Blue skies and this sign welcomed us to this part of the Great Wall. We hiked up the wall and gazed over into North Korea wondering just what life might be like over there.

At the top of one of the towers we could pay to use a telescope to look further into North Korea. A couple of American tourists were taking advantage of the scope but for me, just peering over the Great Wall into North Korea was as close to Kim Jung Il as I needed to get.

Maybe with the death of Kim Jung Il we'll soon know more about life in North Korea, or maybe Kim Jung Un will continue to isolate North Korea and its people with pretend amusement parks and armed borders.






12.16.2011

Ice Skating and Spin the Bottle

This week we took a bunch of our students ice skating. For many, it was their first time on skates and on this cold December evening, as I watched my students wavering across the ice, I remembered all the time I spent skating with friends when I was in middle school. Boys and girls raced around the ice, tried hard not to fall, and clung to one another for balance, reminding me just how it felt to be on that edge, constantly teetering along between humiliation and glory. But then I caught two different couples stealing kisses, and it was back to my reality as a responsible adult chaperone.

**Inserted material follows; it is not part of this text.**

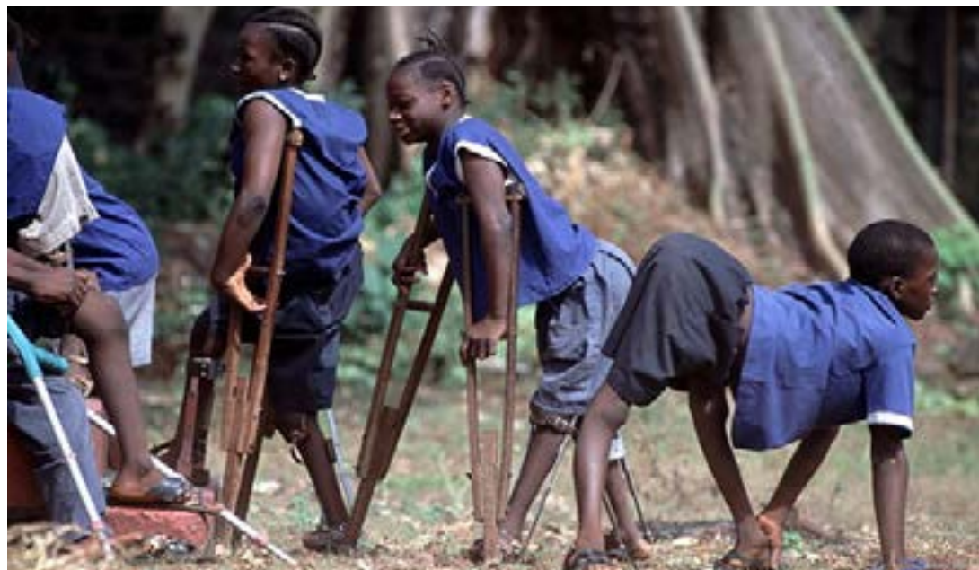
Les conséquences de la poliomyélite

« L'éradication de la poliomyélite est à portée de main, mais les progrès sont fragiles et nous devons rester entièrement concentrés sur notre objectif », a déclaré Catherine Russell, directrice exécutive de l'Unicef. « Ce nouveau financement contribuera à faire en sorte que tous les enfants soient vaccinés afin d'éradiquer la poliomyélite, tout en renforçant les systèmes de santé de proximité. Aucun enfant ne devrait souffrir d'une maladie facilement évitable », a-t-elle précisé. Plus précisément, le partenariat de financement devrait inclure une nouvelle enveloppe financière de 500 millions d'euros en faveur de l'initiative mondiale pour l'éradication de la poliomyélite ; 500 millions d'euros d'investissements et de subventions pour améliorer l'accès aux innovations de santé, renforcer les systèmes de santé et se préparer aux futures pandémies ; 80 millions d'euros de subventions pour l'assistance technique.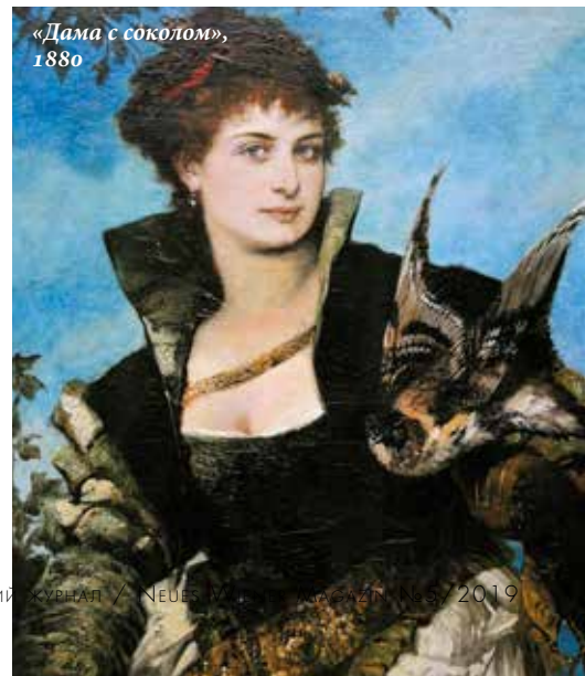
«Леди с соколом», 1880

Funny how things change. I couldn't help but think of this of excerpt from the forthcoming Overdue Apologies: a middle school memoir. It captures one of those ice skating nights from my youth, and hopefully none of those kids I caught kissing will stumble across this post.


Ice Skating

Just before Thanksgiving the first snow of winter falls and the rink at the Inn of the Seventh Mountain opens. Jamie, Robin, Bianca, Kim and I plan to go Friday night and I'm pretty sure Mom will let me go. Anything can happen on a night up at the Inn and I'd be devastated if I missed out. We invite everybody, but Gabe, Cougar and Cody are hunting, so it's just us girls. 

I'm surprised Mom agrees to drive us because there's already a trace of snow on the ground but she takes Robin, Jamie and me slowly through town and pulls up to The Inn. The little rink is lit up beneath a starry winter sky. 
 
"Have fun," Mom says as we step out of the car and Jamie and Robin thank her for the ride. "I'll pick you up at nine, okay. Don't be late." 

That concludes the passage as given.